There are some basic principles to understanding dreams, such as the insight that a house represents you, and every room is an aspect of you. A car represents your personal energy. However, so much of the symbolism in a dream may be unique to that person.

Three friends once took a dream group for several years to a women’s recovery center, where most of the women had a choice of going there or to prison because of alcohol and drug- related abuses. The women had led amazingly hard and grief-stricken lives. These were women who had grown up just like the rest of us, but who had not had the opportunities we had. They were hardened and prematurely aging, but still had a heart of gold. Almost all of their dreams had the same pattern: nightmares, being chased by some awful, violent creatures. Our hearts embraced them. Since we saw them only for a brief time, sometimes the best we could say was that the dream was letting them know that the “dream maker,” whom we called God, was letting them know that he or she knew about their terrible situation. There was a God who cared enough to reveal that this God knew how much pain they were in and how badly they had been treated.

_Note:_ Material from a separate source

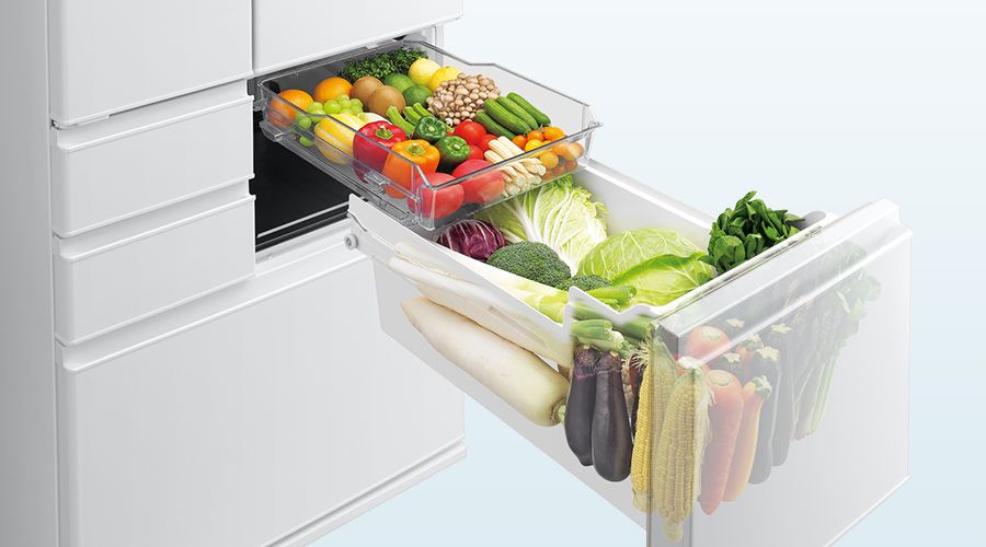雪国で野菜を雪の下に置いて長期間保存するように、冷凍室に囲まれた独自スタイルを活かして野菜室を冷却。低温・高湿環境で鮮度を守りながら、甘味成分がアップします。

Joyce Rockwood Hudson in her book, Natural Spirituality: A Handbook for Jungian Inner Work in Spiritual Community (p. 105), believes dreams are the fullest expression of the unconscious. My experience is that dreams are certainly one of many ways God speaks to us, and can be a powerful tool to use in spiritual direction. However, as always, dreams must be approached as we would handle the soul: held gently, honored as bearing a sacred message from one lover to another.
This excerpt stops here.